___ EXTRACTED ENTRIES
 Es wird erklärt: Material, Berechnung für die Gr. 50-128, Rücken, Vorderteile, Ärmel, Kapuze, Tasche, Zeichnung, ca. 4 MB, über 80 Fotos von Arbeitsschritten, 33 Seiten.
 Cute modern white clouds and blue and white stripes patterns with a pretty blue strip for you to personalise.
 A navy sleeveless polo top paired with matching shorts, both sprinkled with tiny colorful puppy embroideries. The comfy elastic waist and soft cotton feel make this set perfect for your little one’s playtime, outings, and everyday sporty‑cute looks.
______
___ EXTRACTED ENTRIES
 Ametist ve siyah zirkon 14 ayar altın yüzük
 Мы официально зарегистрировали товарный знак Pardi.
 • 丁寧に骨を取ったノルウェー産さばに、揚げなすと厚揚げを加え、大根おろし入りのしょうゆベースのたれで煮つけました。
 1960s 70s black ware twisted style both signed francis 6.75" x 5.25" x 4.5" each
______
## WORK TO COMPLETE:
Copy out each line of the data above, exactly, if it lies between the line holding "Мы официально зарегистрировали" and the line holding "1960s 70s black", inclusive; copy no other line.

## TASK SOLUTION:
 Мы официально зарегистрировали товарный знак Pardi.
 • 丁寧に骨を取ったノルウェー産さばに、揚げなすと厚揚げを加え、大根おろし入りのしょうゆベースのたれで煮つけました。
 1960s 70s black ware twisted style both signed francis 6.75" x 5.25" x 4.5" each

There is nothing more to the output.